Friday, July 6, 2012

Errors, Misjudgments and Dishonesty

I've had conversations this week with two friends and former colleagues.  One is employed by Glaxco/Smith/Kline...the "Big Pharma" company.  The other by Barclays, "Big Banking" in the UK.  Major transgressions in both companies have come to light this week.    G/S/K was fined $3B....yes, $3 billion dollars.... for knowingly promoting drugs for unapproved uses, failure to report safety problems with some drugs and false representation of the safety of other drugs.  The Chairman of Barclays and the CEO both resigned after Barclays were fined $451M in the UK for the intentional manipulation of interest rates.  US government officials have opened their own investigation.

In the coming days I'll spend some time discussing the leadership dimensions of these type cases.  For now, I want to concentrate on the impact of "those who are left behind".  By this I mean the tens of thousands of honest, hard-working people in both organizations.  Just about all big companies these days have some version of corporate values that include honesty, integrity and respect for people.  The overwhelming majority of employees in these companies believe in these values and live them everyday.  In fact, in many cases those values are the very reason some employees join these firms and take pride in being part of an organization that lives those values every day.

When the senior leaders of a company are found not to have lived those values, it is often an extreme shock to the workforce.  The effects are not unlike the corporate version of the Kubler-Ross grieving model....change managers will recognize the SARAH model.
Shock(I can't believe our leaders would do that)
Anger(How could they?),
Resistance(The regulators/government are unfairly targeting us),
Acceptance( Our leaders were wrong) and
Help( What can we/I do to keep this from happening to us again?)

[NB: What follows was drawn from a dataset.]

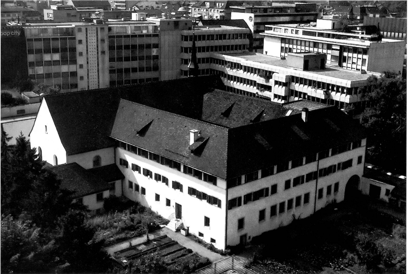
Das Kloster stand 300 Jahre am Rande der Altstadt. Jetzt liegt es wie eine Verbindungsbrücke zwischen Alt- und Neu-Olten.

schon Museum). So konnten die Kapuziner 1648 einziehen. Das Unternehmen fand seine Krönung mit der Einweihung der Kirche am 10. Oktober 1649.

All that to say, it is all too easy.....and dead wrong..... to take these cases and level an across the board indictment of one's favorite target(Big Pharma, Big Oil, Wall Street, The City, The 1%) and in so doing stain tens of thousands of honest hard-working people who are completely unconnected to the incidents of egregious misconduct..  Bad things happen in the best organizations.  It isn't the prevention of bad things happening that defines success.  Success is defined by how new leaders....and staff at every level.... handle the bad things that do happen and put remedies in place to prevent their recurrence.